Of far greater importance is how comfortable they are on a long journey. Here, the Marco Polo claws back some ground. With a more sophisticated rear suspension layout than its rivals and relatively soft springs, it has the most cosseting ride. True, it gets a little floaty along undulating country roads, but you’ll be more than happy to cruise on up to Scotland from the south of England in it.
The Nugget is softer still, but that doesn’t translate into a plusher ride. With loose body control, it bounces so dramatically over bumps that it can make even front seat passengers feel queasy. At the same time, it fidgets over smaller surface imperfections, while pothole impacts reverberate through the structure.
As for the California, that's the firmest of the three and proves the most prone to thumping over humps and holes around town. However, it also controls its body movements the best, feeling the least like a ship in a storm. Because it’s more settled than the others, passengers who get carsick easily are likely to prefer the California.

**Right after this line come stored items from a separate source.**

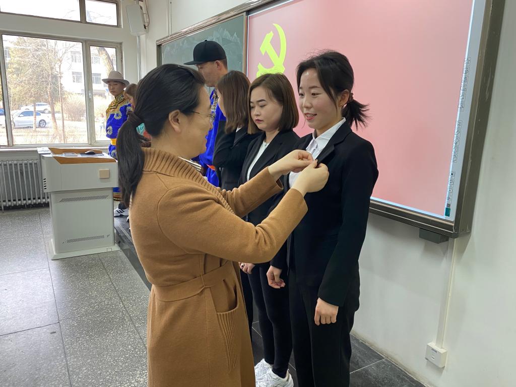 活动中,党总支副书记额尔敦格日勒为学生党员亲自发放并佩戴党徽,介绍了《关于党员佩戴党员徽章》文件,向党支部成员发出“戴党徽亮身份、树形象做表率”的倡议,要求学生党员不断提升服务学生的能力,自觉践行“四个合格”,接受群众监督,用实际行动发挥党员先锋模范带头作用。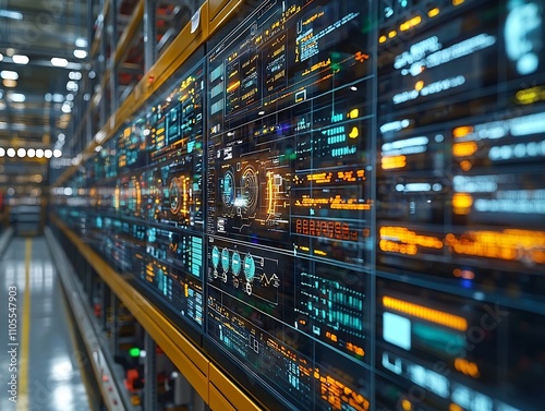 Transparent Digital Warehouse with AI Powered Supply Chain Oversight and Floating Screens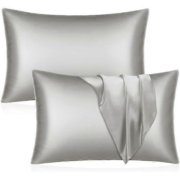 Set of 2 Satin Pillowcases - Gray Pillowcase for Hair and Skin Standard Size with Envelope Closure, 51 x 66 cm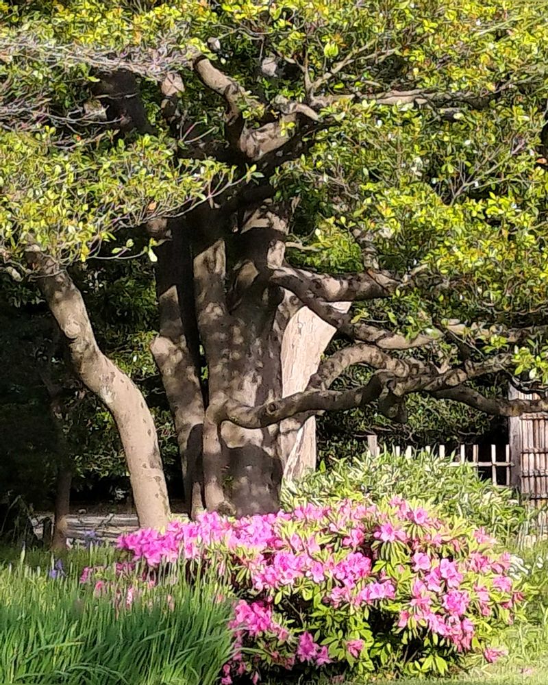 5️⃣ツツジの後ろは何の木なのか、幹がめっちゃ太いです。Google先生はアフリカバオバブの木と…🤣🤣いやそれは無いわ〜!!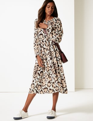 M and s animal print dress Clearance, Animal Print Long Sleeve Tea Midi Dress Clearance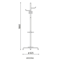 Wieszak Arizona to nowoczesny, lekki wieszak, wykonany z metalu malowanego proszkowo lub o wykończeniu chrom. Wieszak posiada podstawę i pierścień podtrzymujący na parasole. Wieszak jest łatwy w demontażu.

The engines in the Nugget and California sound rather gritty, leaving you in no doubt about their commercial vehicle origins. The California’s also suffers from plenty of whooshing from the turbocharger. Although it’s obvious that the Marco Polo, too, runs on diesel, its engine is easily the smoothest. Similarly, its gearbox is less hesitant than the sometimes slow-witted California’s and feels less old-school than the slurring Nugget’s.
By some margin, the Marco Polo generates the least wind noise at speed, while the level of road noise is perfectly tolerable. The Nugget generates a bit more wind noise, but the rowdiest is the California, with the most wind noise and a lot of suspension thump.
None of these campers feels scary when performing an emergency stop from 70mph, although the Nugget suffers from the most nose dive and requires the longest stretch of road in which to stop. The California is the least inclined to dive under braking and feels comparatively stable, but the Marco Polo is able to stop in a shorter distance.